PromptEcho: Annotation-Free Reward from Vision-Language Models for Text-to-Image Reinforcement Learning
Summary: arXiv:2604.12652v1 Announce Type: cross
Abstract: Reinforcement learning (RL) can improve the prompt following capability of text-to-image (T2I) models, yet obtaining high-quality reward signals remains challenging. The CLIP Score is often criticized for being too coarse-grained, while VLM-based reward models such as RewardDance require costly human-annotated preference data and additional fine-tuning. In response, we have developed PromptEcho, a novel reward construction method that requires no annotation and no reward model training.
Introduction
Text-to-image generation has gained significant traction in recent years, particularly with advancements in reinforcement learning (RL). However, one of the major hurdles in enhancing the performance of these models is the acquisition of high-quality reward signals. Existing methods present various challenges that PromptEcho seeks to address.

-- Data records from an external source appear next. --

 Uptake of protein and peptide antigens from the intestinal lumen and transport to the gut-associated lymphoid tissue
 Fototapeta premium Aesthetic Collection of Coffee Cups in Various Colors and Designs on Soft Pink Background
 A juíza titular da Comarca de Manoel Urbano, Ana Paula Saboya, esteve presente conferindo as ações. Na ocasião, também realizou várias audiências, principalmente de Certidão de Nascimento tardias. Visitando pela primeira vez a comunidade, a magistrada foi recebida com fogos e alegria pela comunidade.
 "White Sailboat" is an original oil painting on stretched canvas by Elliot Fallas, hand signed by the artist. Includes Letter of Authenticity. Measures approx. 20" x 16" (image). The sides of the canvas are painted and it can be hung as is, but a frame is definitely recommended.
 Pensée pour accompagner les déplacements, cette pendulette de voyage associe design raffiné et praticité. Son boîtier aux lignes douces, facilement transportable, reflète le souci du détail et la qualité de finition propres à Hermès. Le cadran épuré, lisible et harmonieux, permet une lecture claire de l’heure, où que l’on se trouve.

Challenges in Reward Signal Acquisition
The current landscape for evaluating text-to-image models reveals two primary approaches:
- CLIP Score: While useful, this metric is often too coarse-grained to provide nuanced feedback.

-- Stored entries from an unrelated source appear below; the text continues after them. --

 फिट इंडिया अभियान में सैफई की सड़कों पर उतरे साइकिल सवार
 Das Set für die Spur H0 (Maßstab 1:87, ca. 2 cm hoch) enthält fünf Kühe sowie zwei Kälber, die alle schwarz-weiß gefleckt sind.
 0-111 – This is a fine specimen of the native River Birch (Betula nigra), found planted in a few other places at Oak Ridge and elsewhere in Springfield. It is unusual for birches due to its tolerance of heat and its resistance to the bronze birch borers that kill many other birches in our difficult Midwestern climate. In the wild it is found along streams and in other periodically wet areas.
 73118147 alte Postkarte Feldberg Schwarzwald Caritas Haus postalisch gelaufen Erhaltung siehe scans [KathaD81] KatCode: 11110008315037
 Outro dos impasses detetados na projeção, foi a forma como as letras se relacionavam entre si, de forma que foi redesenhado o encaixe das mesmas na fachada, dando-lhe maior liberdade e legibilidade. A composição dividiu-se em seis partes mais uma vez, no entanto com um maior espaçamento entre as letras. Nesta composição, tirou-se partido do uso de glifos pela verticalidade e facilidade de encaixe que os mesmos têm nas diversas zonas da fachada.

- VLM-based reward models: Approaches like RewardDance necessitate expensive human-annotated datasets and additional fine-tuning, complicating the reward signal extraction process.
Introducing PromptEcho
PromptEcho revolutionizes the reward signal generation process by leveraging a frozen Vision-Language Model (VLM). It computes the token-level cross-entropy loss using the original prompt as the label, effectively extracting the image-text alignment knowledge that was encoded during the VLM’s pretraining phase. This method offers several advantages:
- Annotation-Free: There is no need for human annotation, making the process more efficient.
- No Reward Model Training: The elimination of the need for training a reward model reduces resource expenditure.
- Deterministic and Efficient: The reward computation is both reliable and computationally efficient.
- Adaptive Improvement: As more robust open-source VLMs become available, the quality of the reward automatically improves.
Evaluation with DenseAlignBench
To rigorously assess the prompt following capability, we developed DenseAlignBench, a benchmark of concept-rich dense captions. The results from our experiments on two state-of-the-art T2I models, Z-Image and QwenImage-2512, are promising:
- Substantial improvements on DenseAlignBench with a net win rate increase of +26.8 percentage points for Z-Image and +16.2 percentage points for QwenImage-2512.
- Consistent gains observed on additional benchmarks including GenEval, DPG-Bench, and TIIFBench, all without any task-specific training.
Ablation Studies and Future Directions
Ablation studies further confirm that PromptEcho outperforms inference-based scoring using the same VLM, with the quality of the reward showing a positive correlation with VLM size. This research opens avenues for future exploration in the realm of text-to-image generation and reinforcement learning.
In conclusion, we are committed to advancing this field and will open-source the trained models along with the DenseAlignBench to foster further research and development.